→ INSTRUCTIONS TO FOLLOW
In this exercise, the entries below include pictures. Repeat exactly the lines from the line with "Designed by and" to the line with "文中依然是使用了对抗学习来,具体来说,鉴", including both, but without the pictures.

→ DATASET EXCERPTS
──────────────────────────────
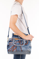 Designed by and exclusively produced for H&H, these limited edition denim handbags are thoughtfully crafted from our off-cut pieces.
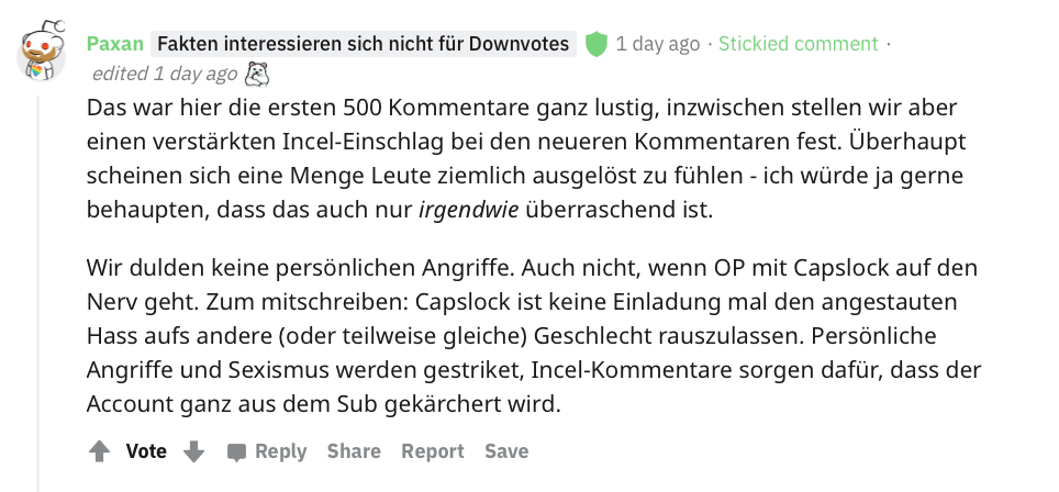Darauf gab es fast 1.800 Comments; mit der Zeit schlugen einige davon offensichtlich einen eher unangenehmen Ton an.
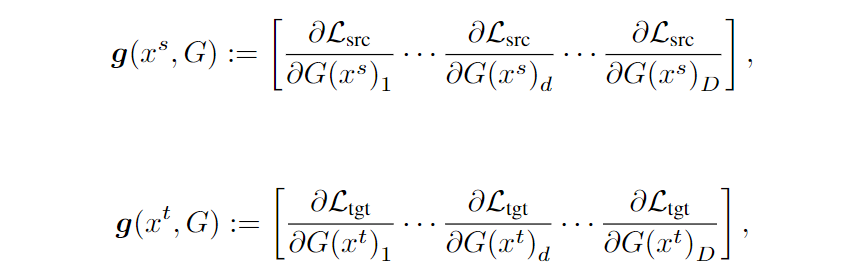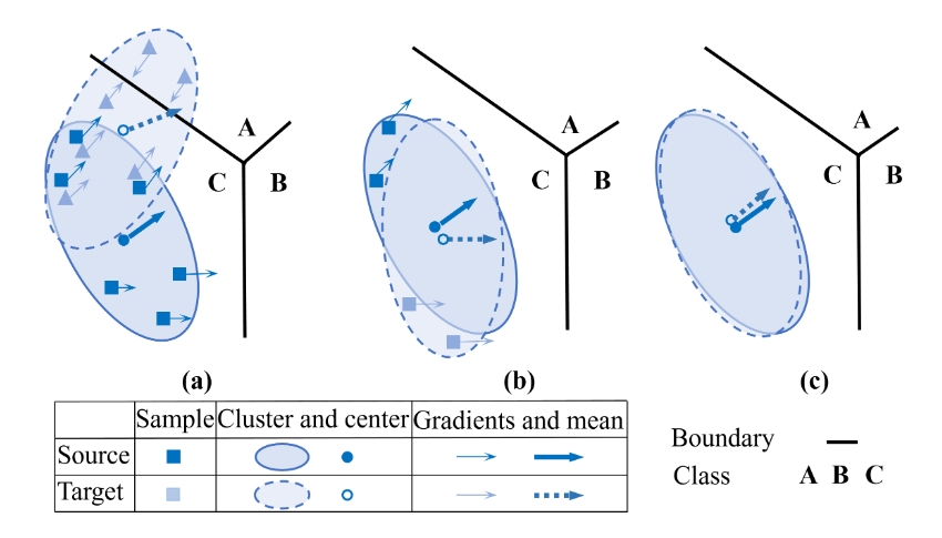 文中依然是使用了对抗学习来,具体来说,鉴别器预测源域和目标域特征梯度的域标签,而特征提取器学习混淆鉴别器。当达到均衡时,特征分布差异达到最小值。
──────────────────────────────
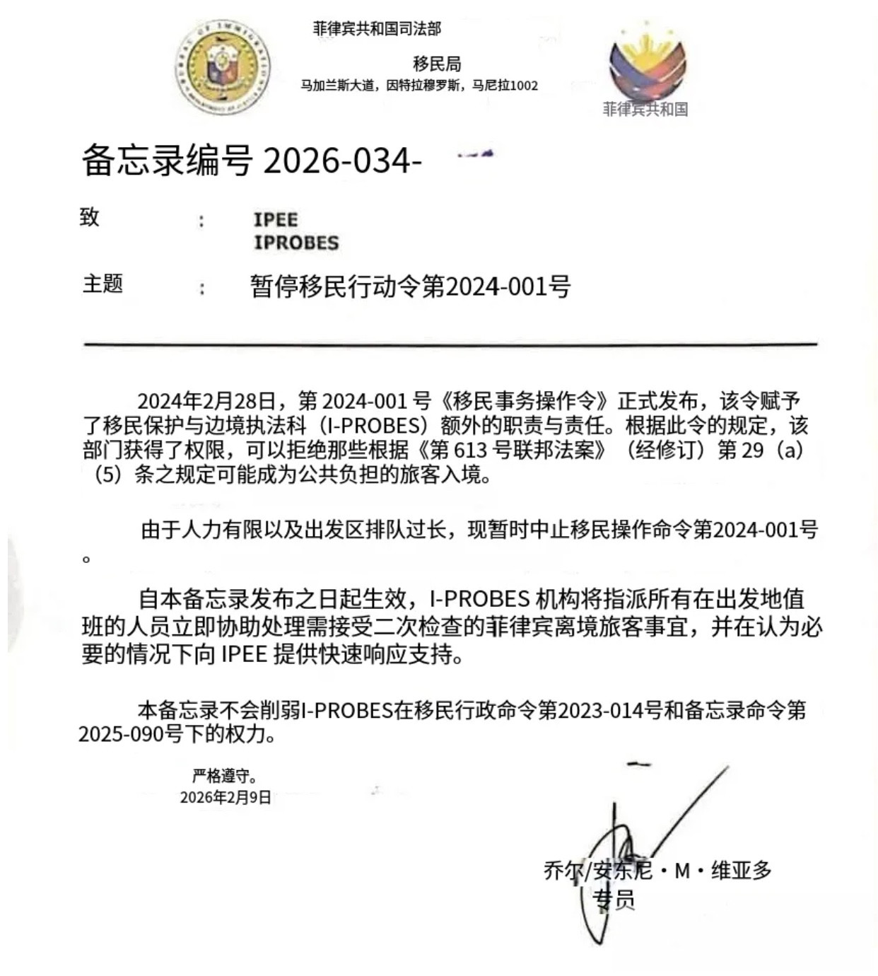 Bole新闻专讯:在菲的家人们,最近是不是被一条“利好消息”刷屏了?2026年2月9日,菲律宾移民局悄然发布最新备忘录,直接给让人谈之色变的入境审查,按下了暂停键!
──────────────────────────────
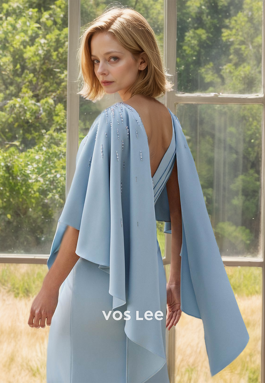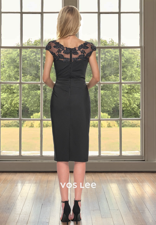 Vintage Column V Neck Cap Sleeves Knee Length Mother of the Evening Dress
──────────────────────────────
→ RESULT OF THE EXERCISE
 Designed by and exclusively produced for H&H, these limited edition denim handbags are thoughtfully crafted from our off-cut pieces.
Darauf gab es fast 1.800 Comments; mit der Zeit schlugen einige davon offensichtlich einen eher unangenehmen Ton an.
 文中依然是使用了对抗学习来,具体来说,鉴别器预测源域和目标域特征梯度的域标签,而特征提取器学习混淆鉴别器。当达到均衡时,特征分布差异达到最小值。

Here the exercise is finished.